Data section:
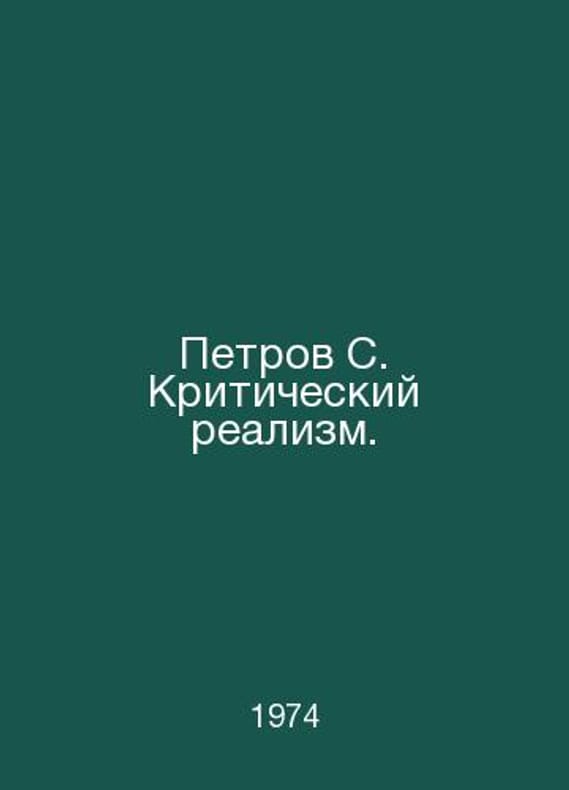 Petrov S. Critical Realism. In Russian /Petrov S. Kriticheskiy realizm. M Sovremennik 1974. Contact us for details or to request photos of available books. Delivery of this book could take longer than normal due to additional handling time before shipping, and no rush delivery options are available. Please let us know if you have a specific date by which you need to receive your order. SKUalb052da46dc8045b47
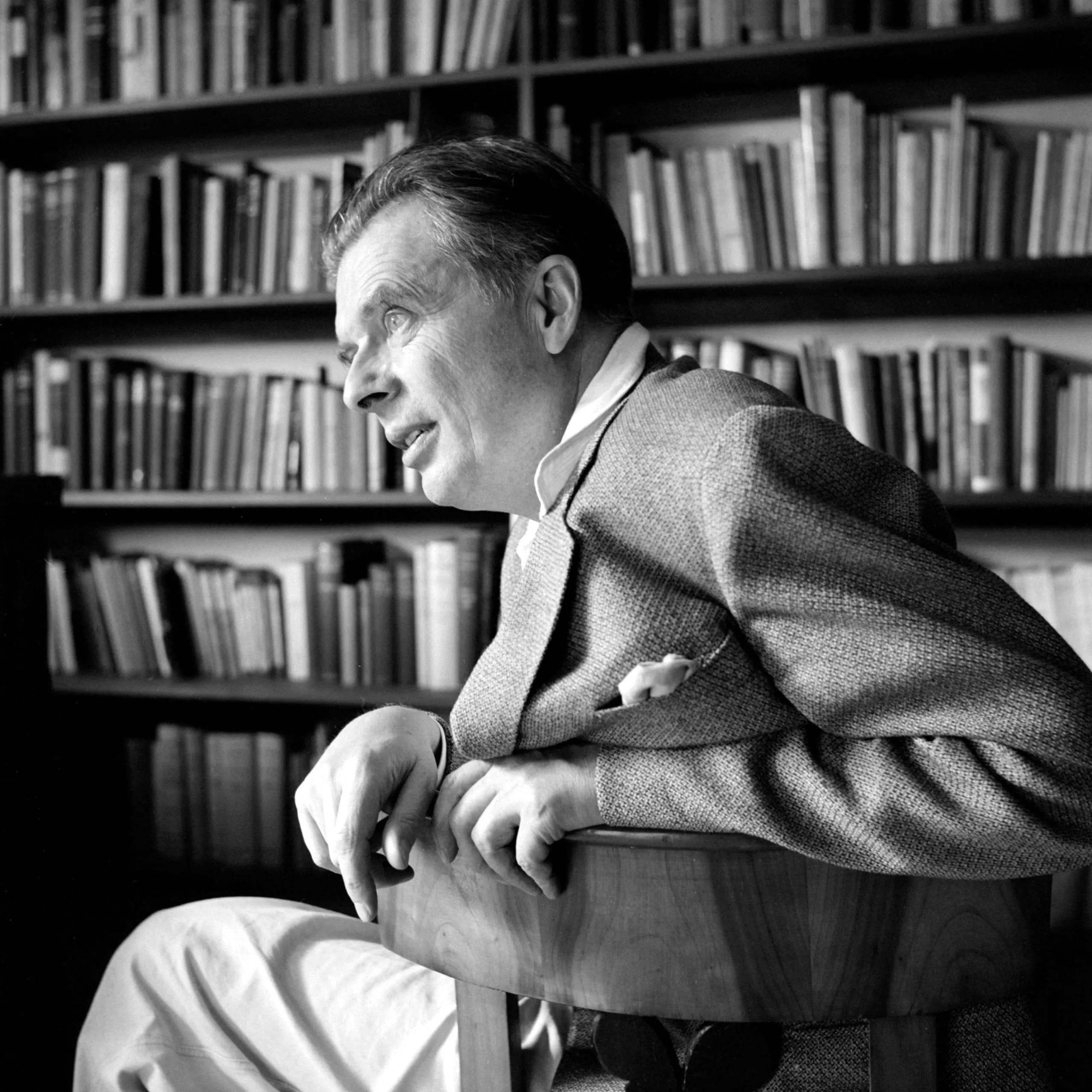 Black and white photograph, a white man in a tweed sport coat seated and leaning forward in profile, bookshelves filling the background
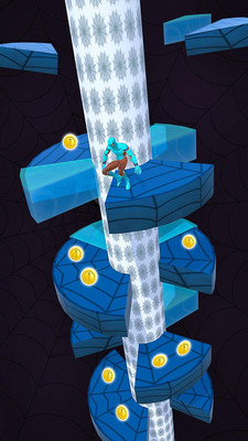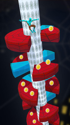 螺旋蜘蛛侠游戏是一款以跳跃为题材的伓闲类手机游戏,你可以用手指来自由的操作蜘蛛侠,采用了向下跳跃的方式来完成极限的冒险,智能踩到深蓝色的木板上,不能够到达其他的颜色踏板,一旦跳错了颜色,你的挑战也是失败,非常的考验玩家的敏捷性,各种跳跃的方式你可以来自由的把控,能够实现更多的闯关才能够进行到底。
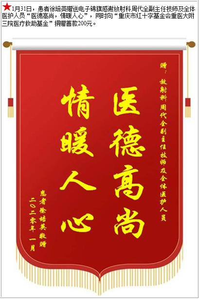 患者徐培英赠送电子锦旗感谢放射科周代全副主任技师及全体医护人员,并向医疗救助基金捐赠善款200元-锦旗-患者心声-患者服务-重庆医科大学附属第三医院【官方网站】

Work to complete:
No picture should be included when the data are set down again exactly.

Output for this task:
 Petrov S. Critical Realism. In Russian /Petrov S. Kriticheskiy realizm. M Sovremennik 1974. Contact us for details or to request photos of available books. Delivery of this book could take longer than normal due to additional handling time before shipping, and no rush delivery options are available. Please let us know if you have a specific date by which you need to receive your order. SKUalb052da46dc8045b47
 Black and white photograph, a white man in a tweed sport coat seated and leaning forward in profile, bookshelves filling the background
 螺旋蜘蛛侠游戏是一款以跳跃为题材的伓闲类手机游戏,你可以用手指来自由的操作蜘蛛侠,采用了向下跳跃的方式来完成极限的冒险,智能踩到深蓝色的木板上,不能够到达其他的颜色踏板,一旦跳错了颜色,你的挑战也是失败,非常的考验玩家的敏捷性,各种跳跃的方式你可以来自由的把控,能够实现更多的闯关才能够进行到底。
 患者徐培英赠送电子锦旗感谢放射科周代全副主任技师及全体医护人员,并向医疗救助基金捐赠善款200元-锦旗-患者心声-患者服务-重庆医科大学附属第三医院【官方网站】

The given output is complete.